● Task requirements:
Repeat the data below exactly, dropping any pictures it holds.
***** The data
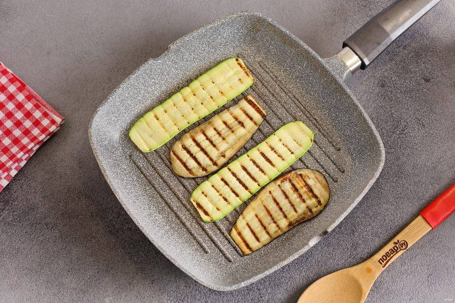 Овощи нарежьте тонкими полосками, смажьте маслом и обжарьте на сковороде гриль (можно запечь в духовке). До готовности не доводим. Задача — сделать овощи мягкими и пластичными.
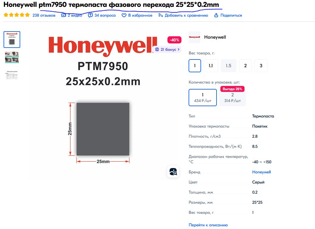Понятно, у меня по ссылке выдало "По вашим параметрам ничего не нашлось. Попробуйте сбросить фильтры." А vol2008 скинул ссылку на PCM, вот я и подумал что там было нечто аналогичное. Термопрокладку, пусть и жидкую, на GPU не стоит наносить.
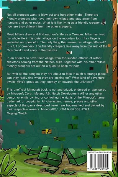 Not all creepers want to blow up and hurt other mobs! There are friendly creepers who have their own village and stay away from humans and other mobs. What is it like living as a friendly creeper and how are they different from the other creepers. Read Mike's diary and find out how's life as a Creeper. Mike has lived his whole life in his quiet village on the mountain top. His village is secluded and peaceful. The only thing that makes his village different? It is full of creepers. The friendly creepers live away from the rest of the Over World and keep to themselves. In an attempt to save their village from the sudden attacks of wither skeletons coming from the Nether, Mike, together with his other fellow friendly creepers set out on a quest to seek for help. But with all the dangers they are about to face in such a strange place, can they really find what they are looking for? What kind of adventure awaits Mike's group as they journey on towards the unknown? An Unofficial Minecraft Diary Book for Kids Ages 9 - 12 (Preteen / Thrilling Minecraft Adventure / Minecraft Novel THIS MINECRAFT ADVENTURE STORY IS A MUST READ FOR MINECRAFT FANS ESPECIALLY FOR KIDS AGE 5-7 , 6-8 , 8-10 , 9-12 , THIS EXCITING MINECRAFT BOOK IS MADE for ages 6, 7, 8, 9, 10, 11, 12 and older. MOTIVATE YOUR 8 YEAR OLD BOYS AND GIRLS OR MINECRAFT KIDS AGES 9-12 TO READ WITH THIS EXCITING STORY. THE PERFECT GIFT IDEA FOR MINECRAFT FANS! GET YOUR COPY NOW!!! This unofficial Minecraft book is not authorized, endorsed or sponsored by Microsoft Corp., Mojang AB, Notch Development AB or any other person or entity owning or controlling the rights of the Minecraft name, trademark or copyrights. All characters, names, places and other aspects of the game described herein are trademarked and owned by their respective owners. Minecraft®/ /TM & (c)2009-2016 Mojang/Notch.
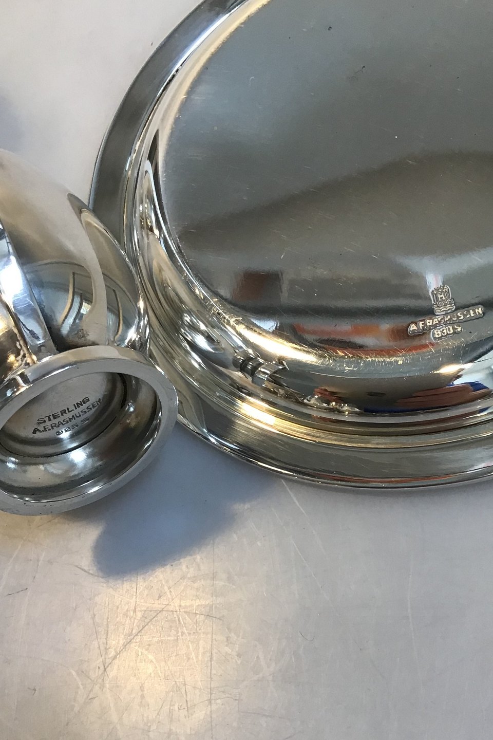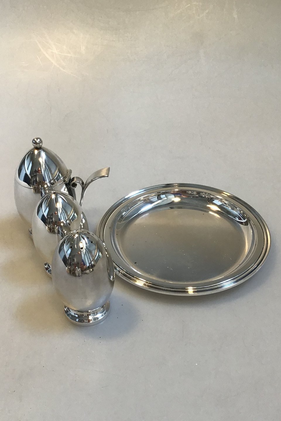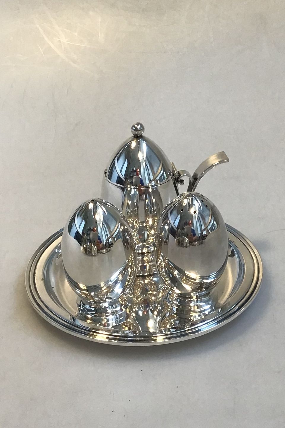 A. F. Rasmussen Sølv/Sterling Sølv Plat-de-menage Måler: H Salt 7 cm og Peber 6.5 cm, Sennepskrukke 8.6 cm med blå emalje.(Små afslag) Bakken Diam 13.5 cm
**********
● Answer below:
 Овощи нарежьте тонкими полосками, смажьте маслом и обжарьте на сковороде гриль (можно запечь в духовке). До готовности не доводим. Задача — сделать овощи мягкими и пластичными.
Понятно, у меня по ссылке выдало "По вашим параметрам ничего не нашлось. Попробуйте сбросить фильтры." А vol2008 скинул ссылку на PCM, вот я и подумал что там было нечто аналогичное. Термопрокладку, пусть и жидкую, на GPU не стоит наносить.
 Not all creepers want to blow up and hurt other mobs! There are friendly creepers who have their own village and stay away from humans and other mobs. What is it like living as a friendly creeper and how are they different from the other creepers. Read Mike's diary and find out how's life as a Creeper. Mike has lived his whole life in his quiet village on the mountain top. His village is secluded and peaceful. The only thing that makes his village different? It is full of creepers. The friendly creepers live away from the rest of the Over World and keep to themselves. In an attempt to save their village from the sudden attacks of wither skeletons coming from the Nether, Mike, together with his other fellow friendly creepers set out on a quest to seek for help. But with all the dangers they are about to face in such a strange place, can they really find what they are looking for? What kind of adventure awaits Mike's group as they journey on towards the unknown? An Unofficial Minecraft Diary Book for Kids Ages 9 - 12 (Preteen / Thrilling Minecraft Adventure / Minecraft Novel THIS MINECRAFT ADVENTURE STORY IS A MUST READ FOR MINECRAFT FANS ESPECIALLY FOR KIDS AGE 5-7 , 6-8 , 8-10 , 9-12 , THIS EXCITING MINECRAFT BOOK IS MADE for ages 6, 7, 8, 9, 10, 11, 12 and older. MOTIVATE YOUR 8 YEAR OLD BOYS AND GIRLS OR MINECRAFT KIDS AGES 9-12 TO READ WITH THIS EXCITING STORY. THE PERFECT GIFT IDEA FOR MINECRAFT FANS! GET YOUR COPY NOW!!! This unofficial Minecraft book is not authorized, endorsed or sponsored by Microsoft Corp., Mojang AB, Notch Development AB or any other person or entity owning or controlling the rights of the Minecraft name, trademark or copyrights. All characters, names, places and other aspects of the game described herein are trademarked and owned by their respective owners. Minecraft®/ /TM & (c)2009-2016 Mojang/Notch.
 A. F. Rasmussen Sølv/Sterling Sølv Plat-de-menage Måler: H Salt 7 cm og Peber 6.5 cm, Sennepskrukke 8.6 cm med blå emalje.(Små afslag) Bakken Diam 13.5 cm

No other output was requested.